(Required work) Exact copy, no pictures: set down the lines from the one holding "This is a time-lapse" through the final line of the records below.
*** Opening Data for the task ***
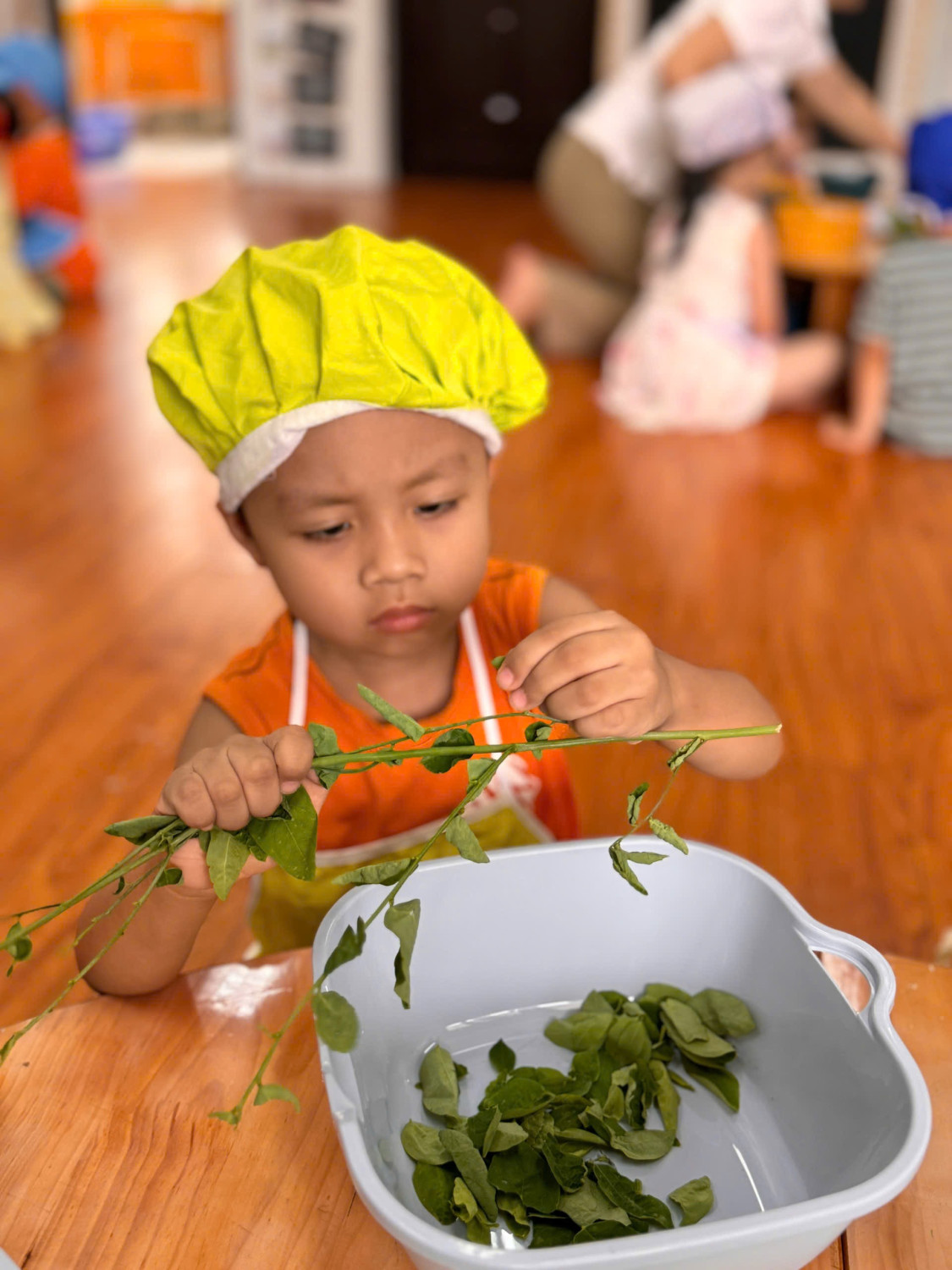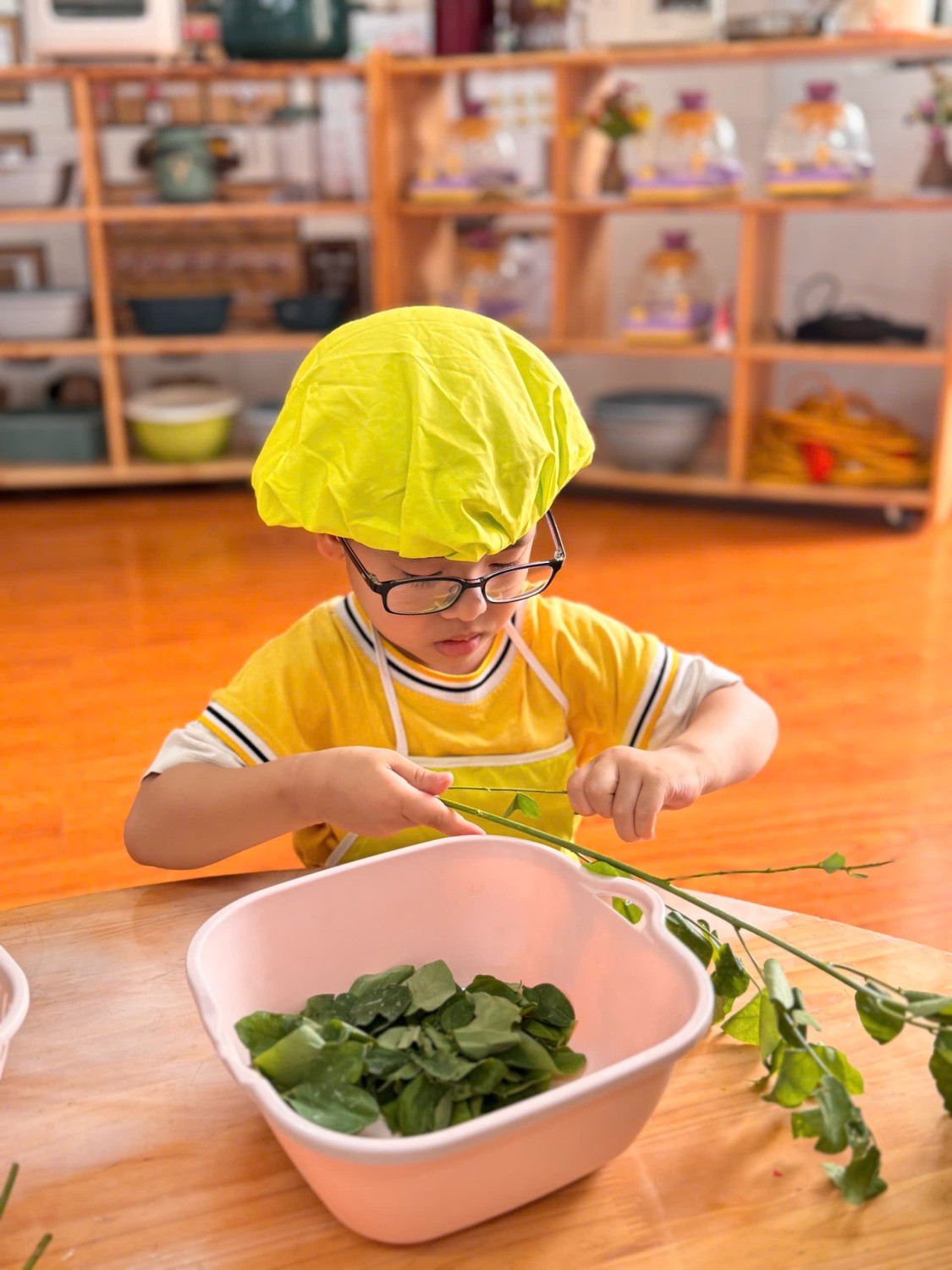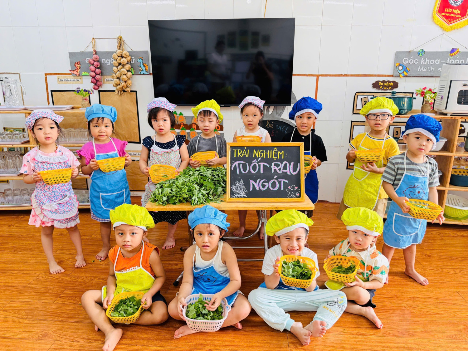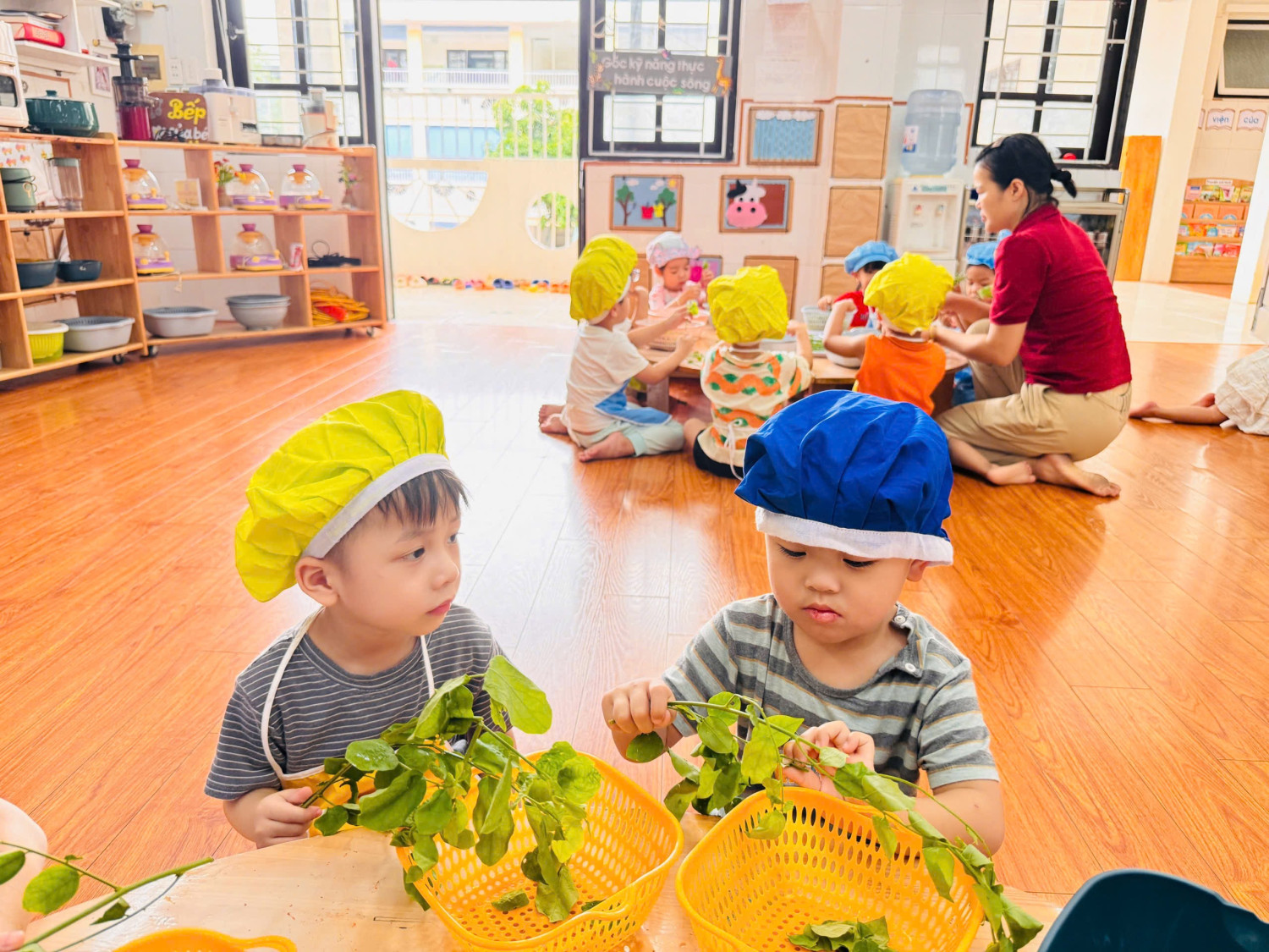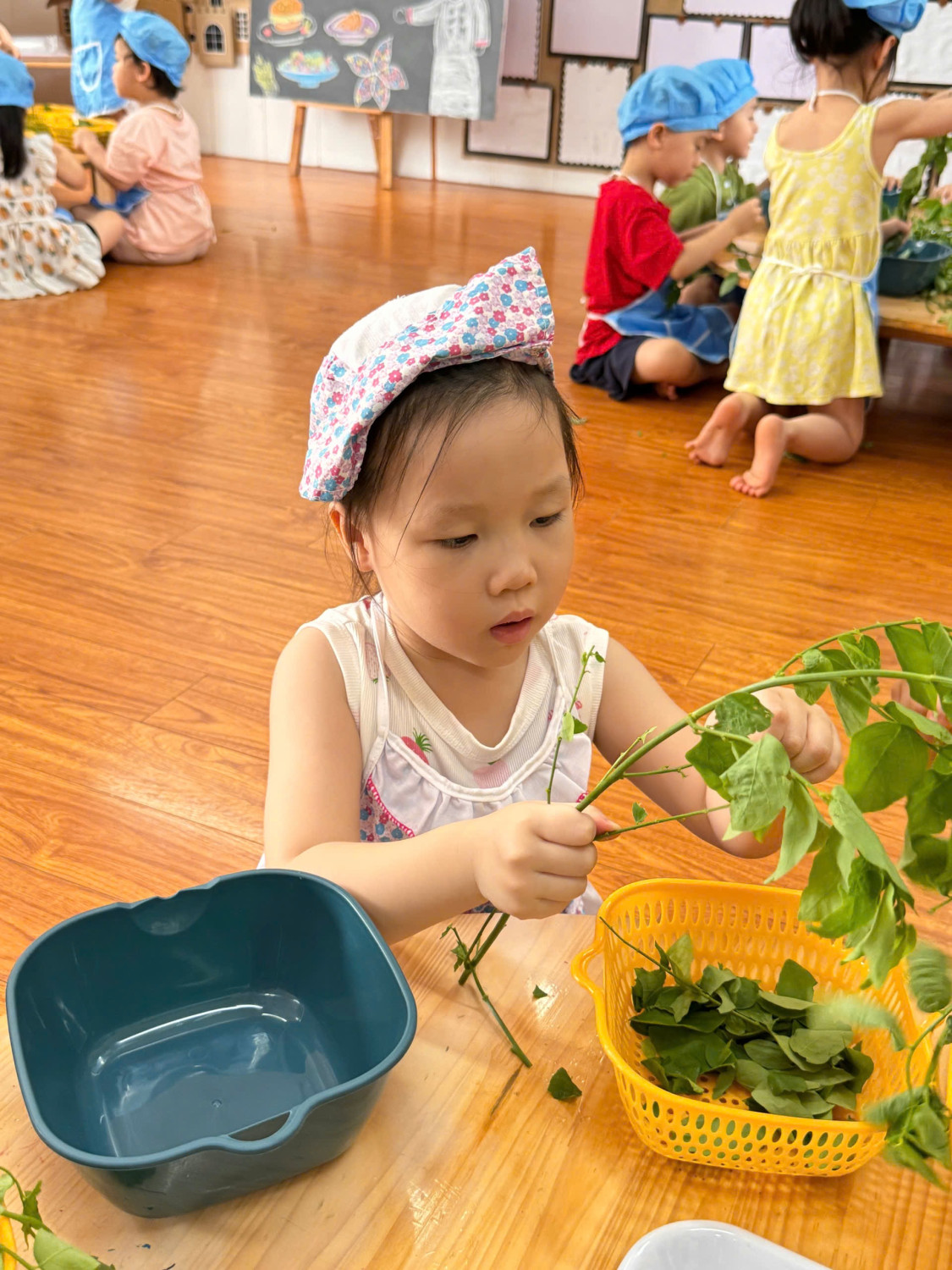 Dưới đây là 1 số hình ảnh giờ thực hành nhặt rau của các con ạ
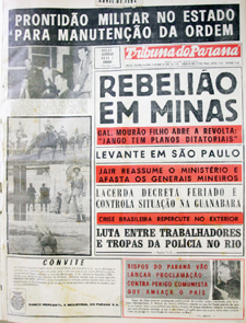 A seguir vários títulos secundários, todos com destaque para o assunto palpitante: “Prontidão militar no Estado para manutenção da ordem”, “General Mourão abre a revolta”, “Levante em São Paulo”, “Lacerda decreta feriado e controla situação na Guanabara”.
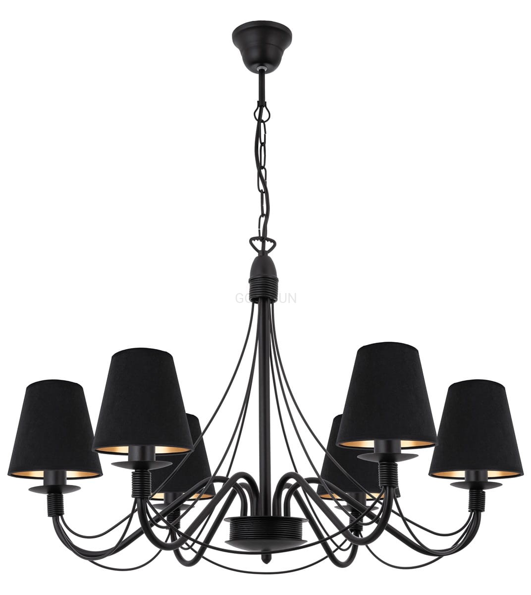 Czarny klasyczny żyrandol z weluru. Elegancki 6-ramienny żyrandol z pięknym czarnym stelażem to idealna propozycja do sypialni lub do jadalni. Ta sufitowa lampa wisząca, zachwyca starannym wykonaniem i ponadczasowym wzornictwem została wykończona zgrabnymi welurowymi abażurami w kolorze czarnym ze złotym wnętrzem. Lampy z serii HORTENSJA doskonale komponują się z wnętrzami urządzonymi w klimatach klasycznych, angielskich i vintage.
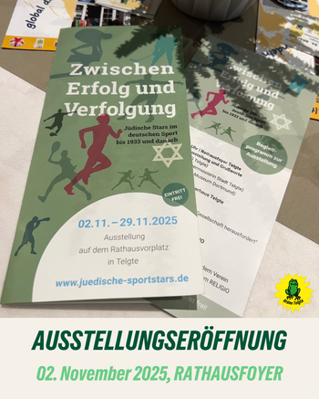 Wir danken der SG Telgte und insbesondere Ulrich Winckler herzlich für die Initiative und das Engagement, diese Ausstellung nach Telgte zu holen. Ebenso gilt unser Dank Bürgermeisterin Katja Behrendt, die in ihrer Eröffnungsrede betonte, dass Sport nie unpolitisch ist: In Zeiten zunehmenden Antisemitismus und Rassismus gelte es, Flagge zu zeigen – für Vielfalt, Toleranz und Menschlichkeit.
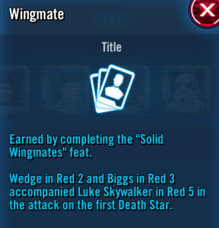 I would like to have a way to receive certain titles that were never offered to me. The Peter Mayhew memorial title. The titles for year one and two players? I pre-registered for this on Play store all those years ago and it is beyond frustrating that I have no title or means of showing this in game. Best I have is 3rd anniversary title.
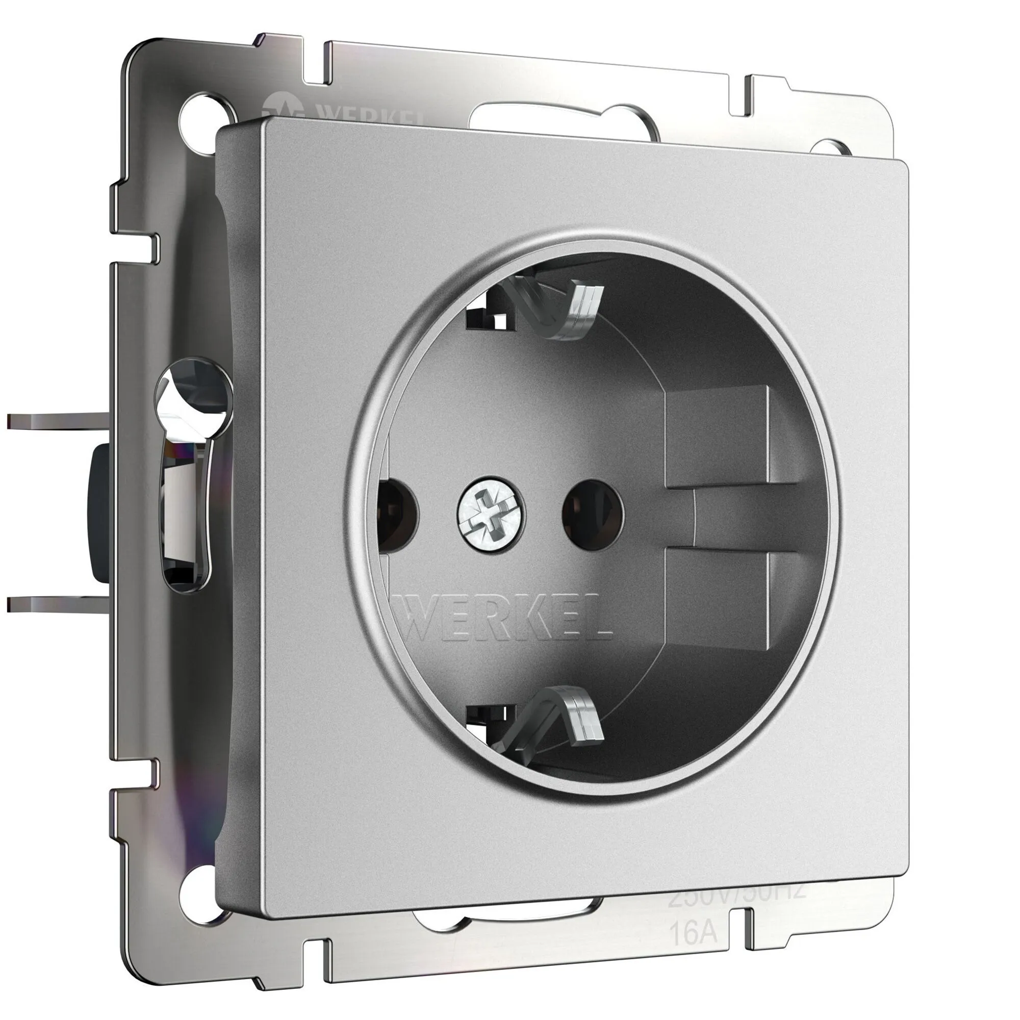 Розетка с заземлением 16 А (серебряный матовый) W1171065 — стиль, безопасность и долговечность от Werkel
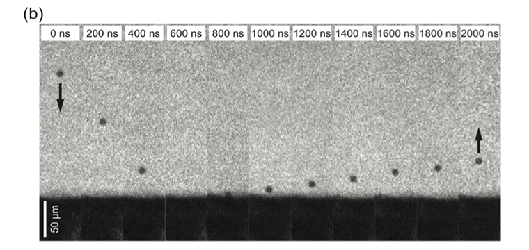This is a time-lapse image of a silica particle striking polymer materials. Watching the polymers at this micro-level requires sophisticated equipment, but allows researchers to get a much better idea of how these materials absorb impacts.
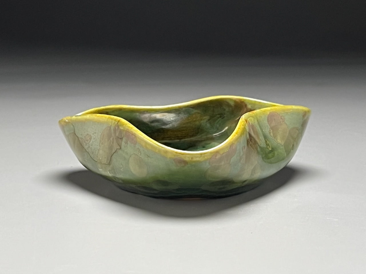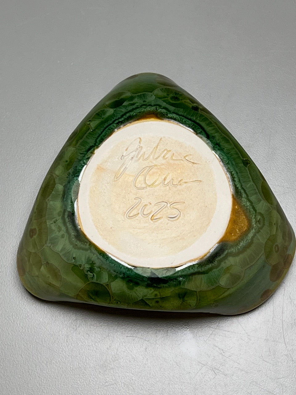 This small dish is finished with a Ben Owen Pottery proprietary glaze, Lily Pad Green Crystalline. The perfect size to use as a jewelry dish, candy dish or for serving small appetizers. Dishwasher-safe. Measuring 5.25"dia. x 1.75"h
*** Closing Data for the task ***
(Answer area)
This is a time-lapse image of a silica particle striking polymer materials. Watching the polymers at this micro-level requires sophisticated equipment, but allows researchers to get a much better idea of how these materials absorb impacts.
 This small dish is finished with a Ben Owen Pottery proprietary glaze, Lily Pad Green Crystalline. The perfect size to use as a jewelry dish, candy dish or for serving small appetizers. Dishwasher-safe. Measuring 5.25"dia. x 1.75"h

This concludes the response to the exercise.